Deretan Pengakuan Tahanan KPK Bayar Ratusan Juta demi Fasilitas Nyaman di Rutan

24 September 2024 11:08 WIB
·
waktu baca 6 menit
comment
2
sosmed-whatsapp-white
copy-link-circle
more-vertical
Petugas berjalan di depan Rumah Tahanan Kelas 1 Jakarta Timur Cabang Rutan KPK, Jakarta, Kamis (25/4/2024).  Foto: Hafidz Mubarak A/ANTARA FOTO
zoom-in-whitePerbesar
Petugas berjalan di depan Rumah Tahanan Kelas 1 Jakarta Timur Cabang Rutan KPK, Jakarta, Kamis (25/4/2024). Foto: Hafidz Mubarak A/ANTARA FOTO
ADVERTISEMENT
sosmed-whatsapp-green
kumparan Hadir di WhatsApp Channel
Follow
Sejumlah tahanan dan mantan tahanan KPK 'bernyanyi' di persidangan, mengaku memberikan sejumlah uang untuk mendapat fasilitas dan kenyamanan di Rutan KPK. Mereka dihadirkan dalam sidang yang digelar pada Senin (23/9).
ADVERTISEMENT
Salah satu mantan tahanan yang dihadirkan di sidang adalah eks Sekretaris Mahkamah Agung (MA) Nurhadi.
Dia mengaku memberikan uang kepada petugas rutan karena itu seakan sudah menjadi kewajiban. "Itu wajib hukumnya, tidak ada pilihan," kata Nurhadi.
Dia memberikan uang itu tidak cuma-cuma. Selain karena adanya pungli, uang itu juga diberikan untuk mendapatkan fasilitas. Salah satu fasilitas dikodei dengan istilah 'botol', yang berarti handphone.
"Pertama, istilahnya adalah nyewa botol, botol itu HP. Istilahnya botol," ucap Nurhadi yang dipenjara dalam kasus suap dan gratifikasi ini puluhan miliar rupiah ini.
Pada bulan pertama berada di Rutan KPK, Nurhadi mengaku membayar Rp 25 juta. Uang tersebut dibayarkan oleh Nurhadi untuk mendapat fasilitas handphone di Rutan KPK.
ADVERTISEMENT
Handphone itu diberikan oleh petugas rutan yang berjaga. Dia tidak tahu siapa nama petugasnya. Namun yang ia tahu, handphone itu bersumber dari Hengky.
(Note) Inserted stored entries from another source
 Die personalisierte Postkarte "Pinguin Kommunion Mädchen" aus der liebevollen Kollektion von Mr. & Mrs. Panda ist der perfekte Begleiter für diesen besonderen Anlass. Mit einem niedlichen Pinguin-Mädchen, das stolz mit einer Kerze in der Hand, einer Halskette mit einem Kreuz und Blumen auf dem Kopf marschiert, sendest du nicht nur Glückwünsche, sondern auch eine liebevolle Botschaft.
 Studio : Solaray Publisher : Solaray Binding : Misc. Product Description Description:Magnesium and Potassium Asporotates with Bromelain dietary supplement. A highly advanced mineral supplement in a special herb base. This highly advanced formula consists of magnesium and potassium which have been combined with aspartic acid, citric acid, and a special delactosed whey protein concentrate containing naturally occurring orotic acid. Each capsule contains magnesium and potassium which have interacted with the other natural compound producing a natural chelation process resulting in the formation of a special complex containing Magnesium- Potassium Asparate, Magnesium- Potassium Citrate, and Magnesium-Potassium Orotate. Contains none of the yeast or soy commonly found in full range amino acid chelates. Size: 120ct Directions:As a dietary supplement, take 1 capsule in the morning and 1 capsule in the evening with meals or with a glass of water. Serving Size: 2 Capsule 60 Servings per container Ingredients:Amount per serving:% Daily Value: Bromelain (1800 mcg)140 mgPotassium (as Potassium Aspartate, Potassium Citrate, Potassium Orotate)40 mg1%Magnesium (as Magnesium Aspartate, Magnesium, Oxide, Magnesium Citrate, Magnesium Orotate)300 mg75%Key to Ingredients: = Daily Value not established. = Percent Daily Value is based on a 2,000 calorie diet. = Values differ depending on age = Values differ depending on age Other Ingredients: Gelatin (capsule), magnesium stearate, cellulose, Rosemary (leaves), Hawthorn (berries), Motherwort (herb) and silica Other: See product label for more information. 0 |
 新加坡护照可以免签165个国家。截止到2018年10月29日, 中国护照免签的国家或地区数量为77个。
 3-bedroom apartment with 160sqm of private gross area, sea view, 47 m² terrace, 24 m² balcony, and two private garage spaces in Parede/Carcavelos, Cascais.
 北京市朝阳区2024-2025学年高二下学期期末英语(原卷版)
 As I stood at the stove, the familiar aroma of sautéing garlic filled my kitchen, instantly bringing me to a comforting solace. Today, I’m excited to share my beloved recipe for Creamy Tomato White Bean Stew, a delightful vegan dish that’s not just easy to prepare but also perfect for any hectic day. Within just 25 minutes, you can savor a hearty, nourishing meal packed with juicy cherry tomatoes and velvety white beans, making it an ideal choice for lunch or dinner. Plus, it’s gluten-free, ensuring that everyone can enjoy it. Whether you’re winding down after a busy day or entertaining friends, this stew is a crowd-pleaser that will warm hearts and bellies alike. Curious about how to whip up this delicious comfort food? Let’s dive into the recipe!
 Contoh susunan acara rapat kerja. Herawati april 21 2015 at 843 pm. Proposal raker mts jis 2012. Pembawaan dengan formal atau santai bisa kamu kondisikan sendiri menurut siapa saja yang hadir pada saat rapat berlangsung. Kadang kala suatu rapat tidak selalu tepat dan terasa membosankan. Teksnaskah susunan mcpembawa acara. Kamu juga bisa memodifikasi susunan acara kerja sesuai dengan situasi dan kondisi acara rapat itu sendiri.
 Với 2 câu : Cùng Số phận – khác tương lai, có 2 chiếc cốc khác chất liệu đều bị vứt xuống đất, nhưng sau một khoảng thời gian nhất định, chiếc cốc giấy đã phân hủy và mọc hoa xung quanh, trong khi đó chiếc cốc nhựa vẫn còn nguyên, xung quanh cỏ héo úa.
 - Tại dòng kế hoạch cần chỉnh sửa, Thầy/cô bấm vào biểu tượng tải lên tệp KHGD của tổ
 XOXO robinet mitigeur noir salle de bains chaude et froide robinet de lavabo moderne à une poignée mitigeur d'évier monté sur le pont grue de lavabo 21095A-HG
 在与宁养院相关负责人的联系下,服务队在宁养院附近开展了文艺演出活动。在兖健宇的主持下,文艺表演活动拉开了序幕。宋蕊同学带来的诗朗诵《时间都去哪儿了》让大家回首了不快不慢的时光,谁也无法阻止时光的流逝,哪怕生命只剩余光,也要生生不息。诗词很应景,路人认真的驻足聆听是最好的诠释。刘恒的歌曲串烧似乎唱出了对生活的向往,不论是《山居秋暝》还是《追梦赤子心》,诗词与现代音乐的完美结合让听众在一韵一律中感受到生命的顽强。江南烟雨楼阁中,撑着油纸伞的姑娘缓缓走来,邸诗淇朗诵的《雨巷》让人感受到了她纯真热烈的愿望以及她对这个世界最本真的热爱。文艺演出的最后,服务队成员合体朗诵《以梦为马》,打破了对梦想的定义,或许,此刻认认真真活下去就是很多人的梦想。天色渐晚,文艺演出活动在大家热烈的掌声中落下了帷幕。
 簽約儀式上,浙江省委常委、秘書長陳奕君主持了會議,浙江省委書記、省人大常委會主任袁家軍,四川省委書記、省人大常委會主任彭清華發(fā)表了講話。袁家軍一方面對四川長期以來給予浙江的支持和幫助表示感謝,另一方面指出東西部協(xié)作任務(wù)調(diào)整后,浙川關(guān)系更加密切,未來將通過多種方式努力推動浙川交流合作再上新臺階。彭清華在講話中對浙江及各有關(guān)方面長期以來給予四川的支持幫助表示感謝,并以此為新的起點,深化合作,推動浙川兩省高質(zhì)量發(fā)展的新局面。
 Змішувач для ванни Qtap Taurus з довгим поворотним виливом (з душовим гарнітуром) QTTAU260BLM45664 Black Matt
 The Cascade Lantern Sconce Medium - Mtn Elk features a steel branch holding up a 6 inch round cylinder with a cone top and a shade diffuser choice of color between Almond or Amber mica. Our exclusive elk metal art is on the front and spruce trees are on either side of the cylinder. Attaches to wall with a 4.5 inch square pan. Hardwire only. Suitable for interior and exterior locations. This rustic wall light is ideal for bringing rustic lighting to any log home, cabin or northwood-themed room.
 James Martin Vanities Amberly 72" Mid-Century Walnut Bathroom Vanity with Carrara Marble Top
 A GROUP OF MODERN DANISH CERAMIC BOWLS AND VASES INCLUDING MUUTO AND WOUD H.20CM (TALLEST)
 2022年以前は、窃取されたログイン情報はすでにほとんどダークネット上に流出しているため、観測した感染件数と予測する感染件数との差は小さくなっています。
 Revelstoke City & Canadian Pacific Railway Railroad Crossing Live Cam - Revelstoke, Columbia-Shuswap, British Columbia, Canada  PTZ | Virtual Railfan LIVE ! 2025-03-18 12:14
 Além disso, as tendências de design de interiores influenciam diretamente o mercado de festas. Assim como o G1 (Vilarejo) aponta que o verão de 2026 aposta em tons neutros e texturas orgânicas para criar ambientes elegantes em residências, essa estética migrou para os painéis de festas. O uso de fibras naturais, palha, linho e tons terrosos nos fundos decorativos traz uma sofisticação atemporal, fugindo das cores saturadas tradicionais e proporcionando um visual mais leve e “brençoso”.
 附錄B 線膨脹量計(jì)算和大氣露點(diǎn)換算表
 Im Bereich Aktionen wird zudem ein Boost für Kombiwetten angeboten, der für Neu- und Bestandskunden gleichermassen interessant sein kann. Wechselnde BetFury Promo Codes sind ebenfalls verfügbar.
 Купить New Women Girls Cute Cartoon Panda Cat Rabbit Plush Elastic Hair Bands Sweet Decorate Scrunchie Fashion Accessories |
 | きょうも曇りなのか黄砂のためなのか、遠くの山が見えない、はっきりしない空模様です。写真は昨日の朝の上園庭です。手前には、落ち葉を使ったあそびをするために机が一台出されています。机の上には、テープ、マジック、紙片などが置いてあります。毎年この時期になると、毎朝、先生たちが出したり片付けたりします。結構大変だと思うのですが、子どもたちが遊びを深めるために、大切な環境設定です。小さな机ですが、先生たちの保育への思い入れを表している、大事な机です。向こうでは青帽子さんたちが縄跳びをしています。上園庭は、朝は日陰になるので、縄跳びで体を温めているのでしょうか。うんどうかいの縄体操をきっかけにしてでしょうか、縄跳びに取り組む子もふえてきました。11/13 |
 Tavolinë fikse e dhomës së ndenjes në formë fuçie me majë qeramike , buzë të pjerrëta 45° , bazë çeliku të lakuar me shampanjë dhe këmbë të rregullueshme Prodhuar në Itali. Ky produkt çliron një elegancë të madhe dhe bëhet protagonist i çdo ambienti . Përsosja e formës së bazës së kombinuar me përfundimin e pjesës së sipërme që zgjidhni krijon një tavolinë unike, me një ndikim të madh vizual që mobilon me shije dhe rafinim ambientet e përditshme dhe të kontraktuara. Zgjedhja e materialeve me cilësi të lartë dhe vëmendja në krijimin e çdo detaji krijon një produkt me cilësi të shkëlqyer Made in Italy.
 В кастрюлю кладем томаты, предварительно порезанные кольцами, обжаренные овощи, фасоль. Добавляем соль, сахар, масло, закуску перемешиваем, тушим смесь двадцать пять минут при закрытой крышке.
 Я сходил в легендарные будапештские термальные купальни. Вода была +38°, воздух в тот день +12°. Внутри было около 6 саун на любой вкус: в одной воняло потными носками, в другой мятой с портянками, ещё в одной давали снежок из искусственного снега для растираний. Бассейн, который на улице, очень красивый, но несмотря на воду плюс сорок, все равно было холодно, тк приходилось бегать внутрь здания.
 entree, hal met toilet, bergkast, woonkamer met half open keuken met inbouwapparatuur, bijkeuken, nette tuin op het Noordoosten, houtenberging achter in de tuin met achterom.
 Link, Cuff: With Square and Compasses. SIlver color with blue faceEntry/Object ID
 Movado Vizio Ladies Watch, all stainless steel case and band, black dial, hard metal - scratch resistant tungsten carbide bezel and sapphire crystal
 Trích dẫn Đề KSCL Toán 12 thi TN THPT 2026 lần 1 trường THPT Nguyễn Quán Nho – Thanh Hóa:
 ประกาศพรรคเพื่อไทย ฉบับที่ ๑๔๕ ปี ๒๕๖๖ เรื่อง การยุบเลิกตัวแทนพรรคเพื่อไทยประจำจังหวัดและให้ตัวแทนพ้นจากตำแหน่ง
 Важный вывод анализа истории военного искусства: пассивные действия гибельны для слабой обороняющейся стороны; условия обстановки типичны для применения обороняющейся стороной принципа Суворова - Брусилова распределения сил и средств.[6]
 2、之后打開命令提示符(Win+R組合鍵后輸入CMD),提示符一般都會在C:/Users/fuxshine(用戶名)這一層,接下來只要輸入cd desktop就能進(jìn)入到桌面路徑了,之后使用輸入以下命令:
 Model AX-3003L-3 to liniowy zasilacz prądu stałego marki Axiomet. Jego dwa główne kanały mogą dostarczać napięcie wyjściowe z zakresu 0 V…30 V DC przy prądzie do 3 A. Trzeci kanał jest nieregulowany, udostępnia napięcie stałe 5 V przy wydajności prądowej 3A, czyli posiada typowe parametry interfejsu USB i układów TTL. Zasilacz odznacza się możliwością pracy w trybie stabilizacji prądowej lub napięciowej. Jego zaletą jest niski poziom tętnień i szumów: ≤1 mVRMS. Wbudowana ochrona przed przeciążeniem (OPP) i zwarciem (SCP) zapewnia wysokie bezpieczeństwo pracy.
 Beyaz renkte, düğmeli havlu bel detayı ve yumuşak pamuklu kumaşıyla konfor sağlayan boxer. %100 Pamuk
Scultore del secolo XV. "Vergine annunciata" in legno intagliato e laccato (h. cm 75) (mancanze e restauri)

Hengky adalah otak yang mengatur sistem pungli di tiga Rutan KPK yang berlokasi di Pomdam Jaya Guntur, di Gedung C1, dan di Gedung Merah Putih (K4).
Di bulan selanjutnya, Nurhadi juga tetap membayar iuran. Rata-rata besarannya mencapai Rp 5 juta.
"Rutin rata-rata Rp 5 jutaan tiap bulan," kata Nurhadi.
"Itu ya, BAP Saudara nomor 17 dari bulan pertama sampai (bulan) 19. Yang pertama Rp 25 juta, sampai bulan 19 masing-masing Rp 5 juta. Benar ya?" tanya jaksa.
"Iya, fakta ini," jawab Nurhadi.

Nurhadi Dimintai Uang untuk Keperluan Pribadi

Nurhadi juga mengaku sempat didatangi Hengky untuk dimintai uang pribadi. Saat itu Hengky mengaku tengah membangun rumah.
ADVERTISEMENT
"Hengky itu mengatakan kepada saya ada keperluan, dia menyebut lagi bangun rumah belum ada pagarnya, belum ada dapurnya, belum ada pintunya. Kemudian nanti ada datang lagi termasuk yang petugas lain, ada istri sakit, ada anak sakit, dirawat di rumah sakit. Nah, itu kita harus memberikan itu," kata Nurhadi.
Mantan Sekretaris Mahkamah Agung, Nurhadi. Foto: Antara foto
Saat itu, uang yang diberikan Nurhadi seadanya. Sementara terkait fasilitas lain, seperti charge handphone, dia harus membayar Rp 200 sampai Rp 300 ribu.
"Tapi lama-lama, ada senior saya ngasih tahu di kamar mandi yang tengah itu ada colokan di plafon. Nah, itu pada nge-charge di situ," ucapnya.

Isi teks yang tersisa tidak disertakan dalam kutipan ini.